First released in 1979, the Sony Walkman is now an icon of the 1980s, eliciting nostalgia for the “good old days” of owning music rather than renting it. Affection for the device is now universal, but that wasn’t always the case…
The sudden rise of headphone-wearing pedestrians — spurred by Sony’s lightweight headsets, which were 17% the weight of others’ devices — caused unease about an unfamiliar new world quickly coming into view.
Some said it was a sign of a continued rise of Reagan- and Thatcher-style individualism. Cultural critic Allan Bloom deemed the Walkman “a nonstop…masturbational fantasy” in his 1987 book “The Closing of the American Mind.” Neo-Luddite John Zerzan saw the Walkman as part of a modern trend that encouraged a “protective sort of withdrawal from social connections.” Thomas Lipscomb, chief of the Center for the Digital Future, equated it with the euphoric drug “soma,” from Aldous Huxley’s “Brave New World,” creating, as he put it, “an airtight bubble of sound” that was nothing but a “sensory depressant.”
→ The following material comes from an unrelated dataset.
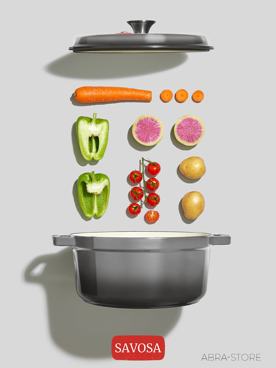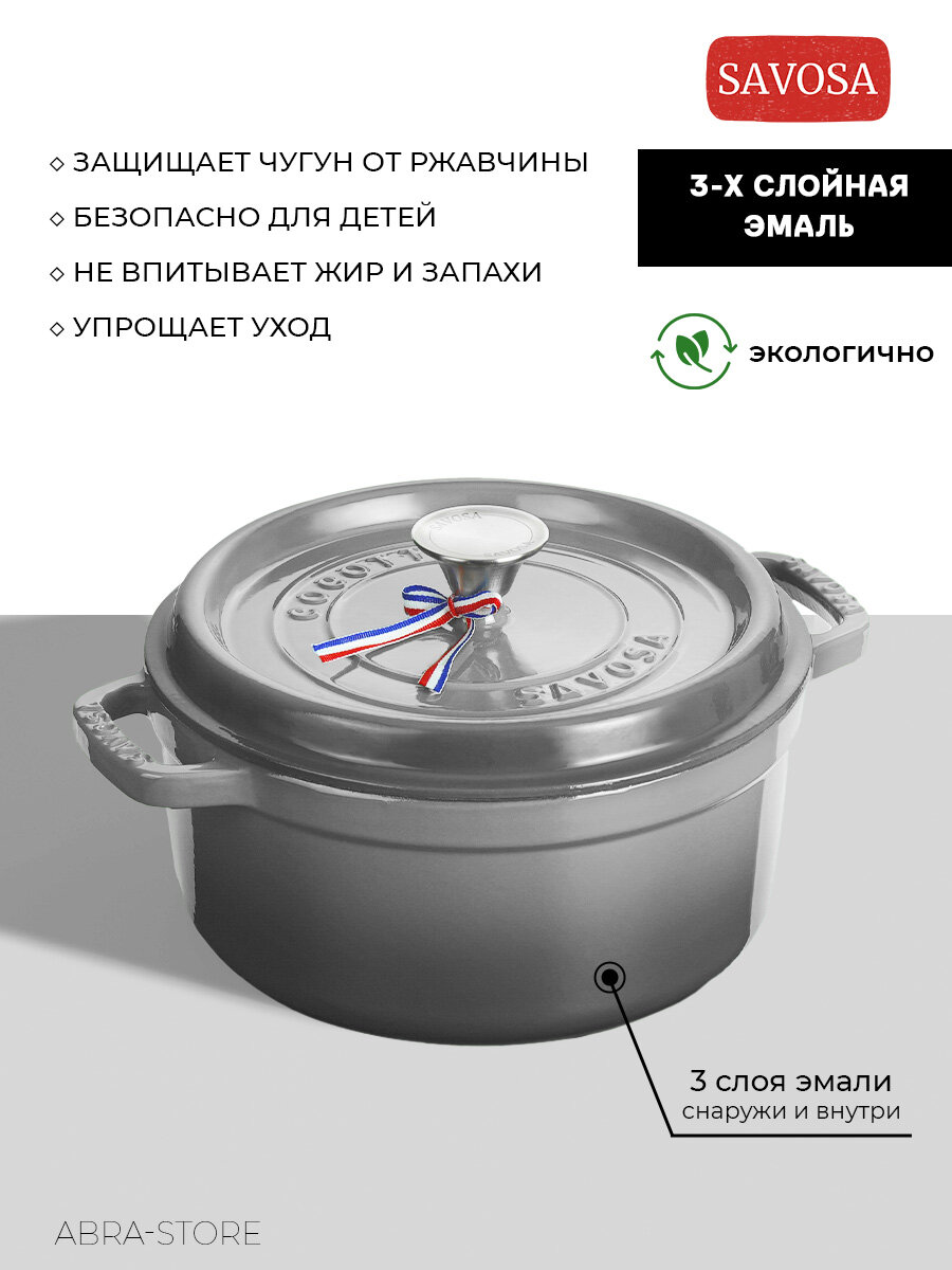 Чугунная эмалированная кастрюля Savosa 4,8 л, 26 см, серая, YT-KAN26GR информация:

In other words, it all felt “a bit Black Mirror,” as one might say today. (Credit to this 1999 Reason Magazine article for this collection of quotes)
The Walkman, critics claimed, was more than just music to one’s ears. It was a tool of societal disconnect and, for government officials and law enforcement, a danger on the roads because it limited the hearing of drivers, cyclists, and pedestrians.
After a number of accidents involving Walkman headphones, numerous states across the US swiftly put into effect (or proposed) restrictions, many related to headphone use while driving or cycling. Among them were statutes in California, Florida, Georgia, Minnesota, Pennsylvania, Virginia, and Washington.
The New Jersey township of Woodbridge went a step further, forbidding not just driving or biking, but even crossing the street while wearing Walkman headphones.
The price for breaking this prohibition? A potential two-week stay in jail and a fine. The law made national and international news, including the BBC who got reactions on the street.
The day the law was put into effect, Oscar Gross, a retiree from a neighboring town, was spurred into action. Seething, he approached Police Sergeant Lou Monzo, purposefully donned his headphones, and crossed the street.
The outcome of this small act of civil disobedience? Gross became the first person to receive a citation for wearing headphones (even though they weren’t plugged into anything). Undeterred, he stated in an interview, “I’m prepared to go to jail for 15 days just to prove a point.”
Gross ended up being interviewed for national outlets, as did members of the Woodbridge town council. However, to his disappointment, Gross was not sent to jail. After the judge imposed a $50 fine, which was later suspended, a frustrated Gross said to a journalist, “He didn’t even give me the opportunity to say that I was willing to serve time in jail.”
“No municipality has the right to tell somebody what they can wear.”
Oscar Gross
Oscar Gross was preparing to take the case all the way to the Supreme Court, but backed out after someone was killed crossing the street while wearing headphones — the kind of tragic anecdote that is the inevitable and unavoidable price of freedom.
This chapter in techno-pessimism is a good reminder that nostalgia tends to elicit amnesia about the resistance new technologies once faced. After all, who would have thought the “good old days” could ever have been considered a bad, brave new world?